The House of Representatives' Commission on the Constitution met on Nov. 19 for the first time during the Diet's current session. Its focus for the time being will be revisions to the National Referendum Law, which stipulates procedures for amending the Constitution.

    The revision bill submitted two years ago was meant to allow train stations and commercial facilities to serve as polling places, and permit the flexible setting of hours for early voting. The bill was in line with the revised Public Offices Election Act, and opposition parties the Constitutional Democratic Party of Japan (CDP) and the Democratic Party for the People (DPFP) both said they had no problem with its content.

    But then-Prime Minister Shinzo Abe's disregard for consensus-building among ruling and opposition parties, and his presupposition that constitutional revision would occur, fostered distrust from the CDP and other opposition parties. With insufficient time to deliberate it, the revision bill will likely be shelved again during the current Diet session.

    When the original National Referendum Law was passed, it deferred on decisions concerning issues such as regulations for TV commercials encouraging citizens to vote for or against constitutional revision, and what the lowest acceptable voting rate to guarantee legitimate results would be. Debate on the issues has not progressed since.

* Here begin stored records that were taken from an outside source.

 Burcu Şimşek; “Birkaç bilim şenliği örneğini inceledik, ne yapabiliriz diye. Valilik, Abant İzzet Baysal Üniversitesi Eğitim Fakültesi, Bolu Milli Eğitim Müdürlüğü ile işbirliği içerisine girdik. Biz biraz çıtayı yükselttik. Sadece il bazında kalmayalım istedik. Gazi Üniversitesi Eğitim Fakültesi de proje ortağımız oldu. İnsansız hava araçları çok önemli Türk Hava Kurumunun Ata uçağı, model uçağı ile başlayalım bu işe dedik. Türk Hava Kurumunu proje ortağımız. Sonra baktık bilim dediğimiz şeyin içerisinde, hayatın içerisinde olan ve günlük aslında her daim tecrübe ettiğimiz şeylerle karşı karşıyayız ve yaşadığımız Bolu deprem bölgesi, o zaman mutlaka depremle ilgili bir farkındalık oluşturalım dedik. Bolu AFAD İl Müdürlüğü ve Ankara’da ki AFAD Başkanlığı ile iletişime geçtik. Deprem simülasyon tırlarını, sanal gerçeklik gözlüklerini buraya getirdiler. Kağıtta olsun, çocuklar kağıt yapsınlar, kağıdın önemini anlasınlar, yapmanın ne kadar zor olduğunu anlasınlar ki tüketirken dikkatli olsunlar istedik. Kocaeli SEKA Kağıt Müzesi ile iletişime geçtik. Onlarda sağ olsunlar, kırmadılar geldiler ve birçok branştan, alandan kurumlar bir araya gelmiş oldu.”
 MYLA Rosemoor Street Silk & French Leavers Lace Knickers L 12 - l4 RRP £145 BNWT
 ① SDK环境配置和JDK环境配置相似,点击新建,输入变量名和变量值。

    The only restriction in place so far states that commercials advocating one position or another in a national referendum cannot be aired within 14 days of a vote. If organizations with financial muscle buy large quantities of ads for one position, there will be imbalances in the amount of information voters are exposed to. To deal with this problem, some kind of restriction will need to come under consideration.

    Additionally, with it now being 10 years since the legislation went into effect, new challenges have sprung up, too.

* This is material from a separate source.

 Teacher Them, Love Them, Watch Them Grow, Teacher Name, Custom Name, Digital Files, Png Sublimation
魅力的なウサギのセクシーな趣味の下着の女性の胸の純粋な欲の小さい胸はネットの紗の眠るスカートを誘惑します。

    The price of internet ads surpassed TV for the first time in history in 2019; how this form of messaging is treated has become another issue that must be discussed.

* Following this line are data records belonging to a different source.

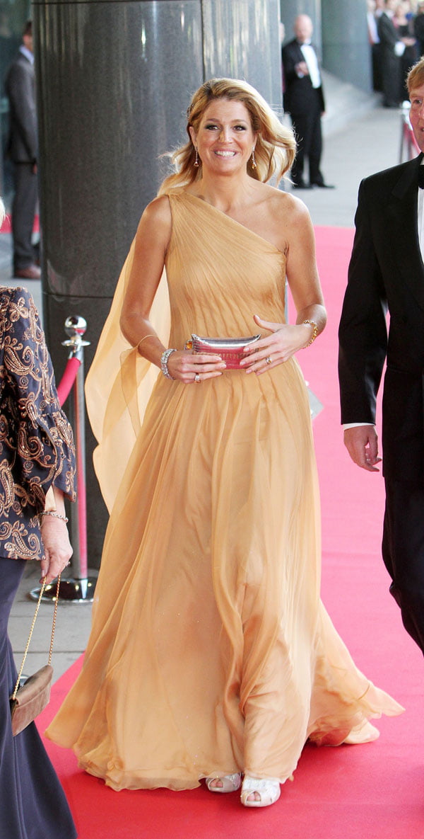 In een zwierige off-shoulder jurk van chiffon arriveerde een stralende prinses Máxima vrijdagavond 27 mei bij het Concertgebouw in Amsterdam voor een speciaal verjaardagsconcert. Familie (onder wie ook de Zorreguieta’s), vrienden, leden van buitenlandse koningshuizen en mensen met wie Máxima de afgelopen tien jaar heeft samengewerkt woonden het concert bij. En niet koningin Beatrix maar de jarige Máxima mocht nu als eerste de rode loper betreden. In haar dankwoord na afloop van het concert richtte Máxima zich nog speciaal tot haar schoonmoeder. ‘Dank dat ik samen met Alexander en u een team mag vormen. Jullie zijn mijn beste leraren geweest. Uw onverdeelde steun laat zien wat een goede moeder u voor mij bent.’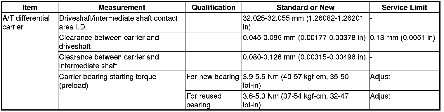 A/T Differential Carrier Specification(s)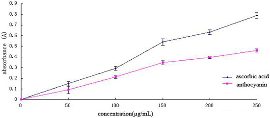 The total antioxidant capacity is the sum of the effectiveness of different active ingredients to remove all kinds of free radicals; thus, total antioxidant capacity is an important indicator in evaluating the antioxidant function of bioactive substances [26,27]. Antioxidants in samples are positively correlated with decreasing power (Figure 7). With increasing Cy-3-glu solution concentration, the total antioxidant capacity also increased, although its capacity was weaker than that of ascorbic acid. The total antioxidant capacity of ascorbic acid was nearly two times than that of Cy-3-glu solution.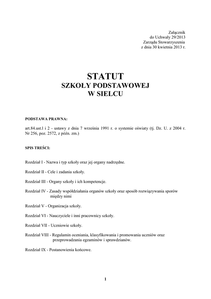 Załącznik do Uchwały 29/2013 Zarządu Stowarzyszenia z dnia 30 kwietnia 2013 r. STATUT SZKOŁY PODSTAWOWEJ W SIELCU PODSTAWA PRAWNA: art.84.ust.l i 2 - ustawy z dnia 7 września 1991 r. o systemie oświaty (tj. Dz. U. z 2004 r. Nr 256, poz. 2572, z późn. zm.) SPIS TREŚCI: Rozdział I - Nazwa i typ szkoły oraz jej organy nadrzędne. Rozdział II - Cele i zadania szkoły. Rozdział III - Organy szkoły i ich kompetencje. Rozdział IV - Zasady współdziałania organów szkoły oraz sposób rozwiązywania sporów między nimi Rozdział V - Organizacja szkoły. Rozdział VI - Nauczyciele i inni pracownicy szkoły. Rozdział VII - Uczniowie szkoły. Rozdział VIII - Regulamin oceniania, klasyfikowania i promowania uczniów oraz przeprowadzania egzaminów i sprawdzianów. Rozdział IX - Postanowienia końcowe. 1 Rozdział I NAZWA I TYP SZKOŁY ORAZ JEJ ORGANY NADRZĘDNE §1 1. Nazwa szkoły brzmi: Szkoła Podstawowa w Sielcu. 2. Siedzibą szkoły jest wieś Sielec. 3. Ilekroć w statucie jest mowa o „szkole”, należy przez to rozumieć Szkołę Podstawową w Sielcu. 4. Szkołę Podstawową w Sielcu prowadzi Leśniowskie Stowarzyszenie OświatowoSamorządowe. 5. Funkcjonowanie szkoły oparte jest na aktywnym uczestnictwie w niej uczniów, rodziców, nauczycieli, pracowników oraz wolontariuszy, którzy tworzą społeczność szkolną. 6. Członkowie społeczności szkolnej uczestniczą w życiu szkoły bezpośrednio oraz poprzez udział swoich przedstawicieli w Radzie Pedagogicznej, Radzie Rodziców i władzach Stowarzyszenia. 7. Nadzór pedagogiczny nad działalnością szkoły sprawuje Lubelski Kurator Oświaty. 8. Cykl kształcenia w szkole trwa 6 lat od klasy I do klasy VI. 9. Szkoła prowadzi oddział przedszkolny. 10. Stowarzyszenie decyduje o istnieniu szkoły oraz materialnych podstawach jej funkcjonowania. 11. Stowarzyszenie zatwierdza projekt budżetu szkoły opracowany przez Dyrektora. 12. Zarząd stowarzyszenia zatrudnia Dyrektora. 13. Szkoła jest szkołą obwodową 14. Obwód szkoły obejmuje miejscowości: Dębina, Kasiłan, Kumów Majoracki, Kumów Plebański i Sielec. Rozdział II CELE I ZADANIA SZKOŁY §2 1. Szkoła realizuje cele i zadania określone w ustawie z dnia 7 września 1991 r. o systemie oświaty (Dz. U z 2004r, Nr 256, poz.2572 z późń. zm.) oraz w rozporządzeniach wykonawczych a w szczególności: 1) zapewnia bezpłatne nauczanie w zakresie ramowych planów nauczania uwzględniających podstawę programową kształcenia ogólnego; 2) umożliwia zdobycie wiedzy i umiejętności niezbędnych do ukończenia szkoły podstawowej i kontynuowanie nauki w gimnazjum; 3) sprawuje opiekę nad uczniami w czasie zajęć lekcyjnych i pozalekcyjnych odpowiednio do ich potrzeb oraz możliwości szkoły; 4) zapewnia uczniom warunki do ich rozwoju, przygotowuje do wypełniania obowiązków rodzinnych i obywatelskich w oparciu o zasady solidarności, demokracji, tolerancji, sprawiedliwości i wolności poprzez: a) właściwą organizację życia społeczności szkolnej, b) czynne uczestnictwo uczniów w różnych formach działalności na terenie szkoły i poza nią, c) udział uczniów we współrządzeniu szkołą, d) organizowanie i uczestnictwo w imprezach, świętach i uroczystościach. 2 2. Szkoła kształtuje właściwe postawy wobec problemów ochrony środowiska. 3. Przygotowuje uczniów do aktywnego uczestnictwa w kulturze, kształtuje wrażliwość na piękno poprzez upowszechnianie kultury teatralnej, kontakt z dziełami sztuki. 4. Kształtuje nawyki uprawiania sportu, turystyki i innych form aktywnego wypoczynku poprzez: prawidłowe organizowanie zajęć wychowania fizycznego, organizowanie wycieczek i życia sportowego (rozgrywki, zawody, rajdy). 5. Szkoła realizuje w ramach zajęć szkolnych naukę religii lub etyki dla uczniów, których rodzice (opiekunowie prawni )wyrażają takie życzenie oraz przygotowanie do życia w rodzinie dla uczniów, których rodzice (opiekunowie prawni) wyrażają zgodę na udział w tych zajęciach 6. Szkoła umożliwia uczniom podtrzymywanie poczucia tożsamości narodowej i religijnej. 7. Szkoła udziela i organizuje pomoc psychologiczno –pedagogiczną uczniom, ich rodzicom oraz nauczycielom. 8. Pomoc udzielana uczniowi oddziale przedszkolnym i szkole polega na rozpoznawaniu i zaspokajaniu indywidualnych potrzeb rozwojowych i edukacyjnych oraz rozpoznawaniu indywidualnych możliwości psychofizycznych ucznia wynikających w szczególności: 1) z niepełnosprawności, 2) z niedostosowania społecznego, 3) z zagrożenia niedostosowaniem społecznym, 4) ze szczególnych uzdolnień, 5) ze specyficznych trudności w uczeniu się, 6) z zaburzeń komunikacji językowej, 7) z choroby przewlekłej, 8) z sytuacji kryzysowych lub traumatycznych, 9) z niepowodzeń edukacyjnych, 10) z zaniedbań środowiskowych związanych z sytuacją bytową ucznia i jego rodziny, sposobem spędzania czasu wolnego oraz kontaktami środowiskowymi, 11) z trudności adaptacyjnych związanych z różnicami kulturowymi lub ze zmianą środowiska edukacyjnego, w tym związanych z wcześniejszym kształceniem za granicą, 9. Pomoc udzielana rodzicom uczniów i nauczycielom polega na wspieraniu rodziców i nauczycieli w rozwiązywaniu problemów wychowawczych i dydaktycznych oraz rozwijaniu ich umiejętności wychowawczych w celu zwiększania efektywności pomocy psychologiczno-pedagogicznej dla uczniów. 10. Korzystanie z pomocy psychologiczno-pedagogicznej jest dobrowolne i nieodpłatne. 11. Pomoc psychologiczno – pedagogiczna jest organizowana i udzielana we współpracy z: 1) rodzicami uczniów, 2) poradniami psychologiczno-pedagogicznymi, w tym poradniami specjalistycznymi, 3) placówkami doskonalenia nauczycieli, 4) innymi szkołami, przedszkolami i placówkami, 5) organizacjami pozarządowymi oraz innymi instytucjami działającymi na rzecz rodziny, dzieci i młodzieży, 12. Pomoc psychologiczno –pedagogiczna jest udzielana z inicjatywy: 1) u

    In the national referendum that decided Britain's exit from the European Union, and in the United States presidential elections, social media ads based on big data flooded the internet, and fake news and other types of misinformation spread widely.

    These issues concern freedom of expression and the right to know; both of which are guaranteed by the Japanese Constitution. It is essential for there to be an environment in which voters can cast their ballots fairly and justly. Measures must be taken from the viewpoint of avoiding political division among the public.

    In the results for 2019's House of Councillors election, the seats occupied by the pro-constitutional revision bloc in the upper house dropped below the two-thirds necessary to initiate a referendum. Since the switch in prime ministers from Abe to Yoshihide Suga this September, there has been no realistic and specific timeline for constitutional revision to be proposed in the Diet. For this very reason, we think both the ruling and opposition parties can settle in and debate this issue thoroughly.

    The Commission on the Constitution is truest to itself when wide-ranging agreement is emphasized, and debate is conducted without interparty conflict or impact from the day's political state of affairs. It is time to rebuild a trusting relationship between the ruling and opposition parties, and go back to basics.